Install the GDAL Python Bindings¶
Before you can get started writing code, you’ll need to install the gdal
python bindings (aka the gdal
package or library). If you use the Windows operating system this may not be a simple task. I have developed a couple of tutorials to help you with gdal
installation using both Anaconda/Conda (recommended) and pip (a little more compicated).
Imports¶
To start, we’ll import gdal
, for raster operations, and numpy
, for array operations. Depending on your gdal
version, you may need to replace from osgeo import gdal
with import gdal
. I’ve also imported matplotlib
for raster band display.
from osgeo import gdal
import numpy as np
import matplotlib.pyplot as plt
Open a Raster¶
Let’s use gdal
to open a raster file. To follow this example you’ll need to have access to a raster file on a local drive. I’ve specified the path to my raster file with the fn
variable.
fn = "C:/qgis/raster/USGS_1_n44w115.tif"
Once the raster location is intialized, use gdal.Open
to open the raster as a GDAL dataset. Two arguments can be specified for gdal.Open
. The raster dataset path (required) and the access method (optional, one of gdal.GA_ReadOnly
(default) or gdal.GA_Update
).
ds = gdal.Open(fn)
Now, let’s check the type of the ds
variable. As you can see, it’s a GDAL Dataset.

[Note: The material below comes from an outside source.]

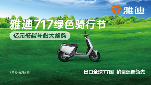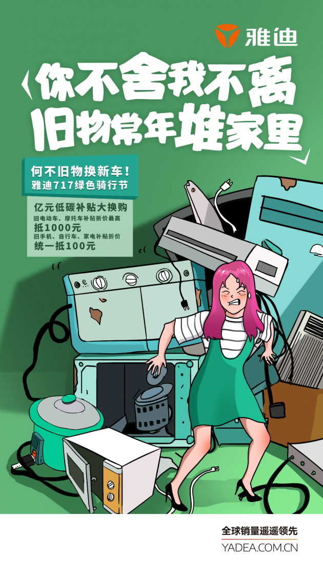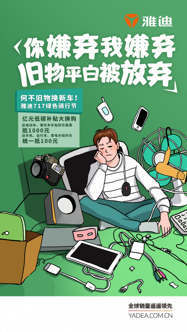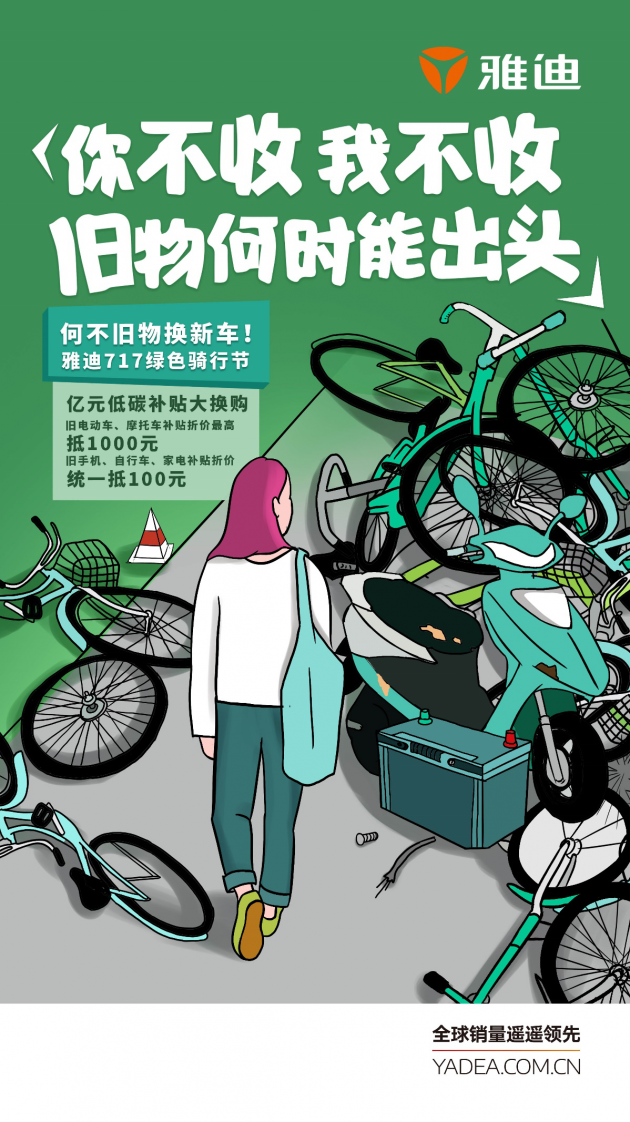 第三届雅迪717绿色骑行节推出了“亿元低碳补贴大换购”,用旧物换新车!

print("'ds' type", type(ds))
'ds' type <class 'osgeo.gdal.Dataset'>
Raster Dataset Information and Properties¶
Once a raster dataset is opened, you can obtain information and metadata from the dataset to preform additional analysis. With gdal
we can access many raster properties, including, projection, size (columns and rows), the number of bands, and the geotransform (upper left corner, cell width, etc.). Let’s start by obtaining the projection, size, and band count for the raster.
print("Projection: ", ds.GetProjection()) # get projection
print("Columns:", ds.RasterXSize) # number of columns
print("Rows:", ds.RasterYSize) # number of rows
print("Band count:", ds.RasterCount) # number of bands
Projection: GEOGCS["NAD83",DATUM["North_American_Datum_1983",SPHEROID["GRS 1980",6378137,298.257222101004,AUTHORITY["EPSG","7019"]],AUTHORITY["EPSG","6269"]],PRIMEM["Greenwich",0],UNIT["degree",0.0174532925199433,AUTHORITY["EPSG","9122"]],AXIS["Latitude",NORTH],AXIS["Longitude",EAST],AUTHORITY["EPSG","4269"]] Columns: 3612 Rows: 3612 Band count: 1
You’ll notice the raster projection is defined by a string that represents the EPSG 4269 projection parameters. The raster has 3612 rows and columns and one band.

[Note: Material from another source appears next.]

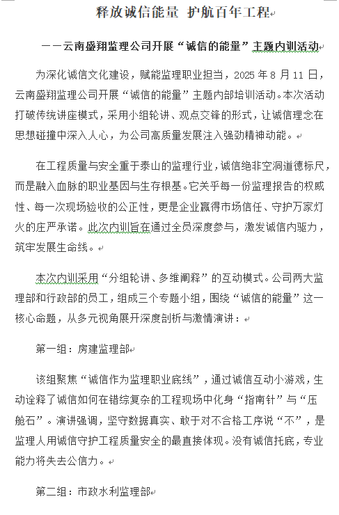 釋放誠信能量 護(hù)航百年工程 ——云南盛翔監(jiān)理公司開展“誠信的能量”主題內(nèi)訓(xùn)活動(dòng)

Now let’s take a look at the raster’s affine transformation information, which is also referred to as the GeoTransform. To do this call the GetGeoTransfrom()

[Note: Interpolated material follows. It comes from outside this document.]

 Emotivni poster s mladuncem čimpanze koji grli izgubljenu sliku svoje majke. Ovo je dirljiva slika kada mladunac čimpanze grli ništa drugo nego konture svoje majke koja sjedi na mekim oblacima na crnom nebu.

method of the GDAL dataset, as follows.
print("GeoTransform", ds.GetGeoTransform())
GeoTransform (-115.00166666668, 0.00027777778000000013, 0.0, 44.00166666668, 0.0, -0.00027777778000000013)
The gdal
GeoTransform is a tuple that contains six elements. Each GeoTransform element is expalined below in order of its pythonic index (0-5), that is, its position within the tuple.
- [0] left X coordinate
- [1] pixel width
- [2] row rotation (usually zero)
- [3] top Y coordinate
- [4] column rotation (usually zero)
- [5] pixel height, this will be negative for north up images
Data from the GeoTransform are used to determine the image extent, pixel centroids and corners, and pixel addresses that correspond to geographic coordinates.
Read Raster Data¶
You should now undertstand how to obtain basic metadata from a raster dataset with GDAL. The next step is accessing the raster data. With GDAL, raster data is accessed by raster bands. First, we’ll retrieve the raster band. Next we’ll retrieve the band data as a numpy
array. This can be done in a single line of code.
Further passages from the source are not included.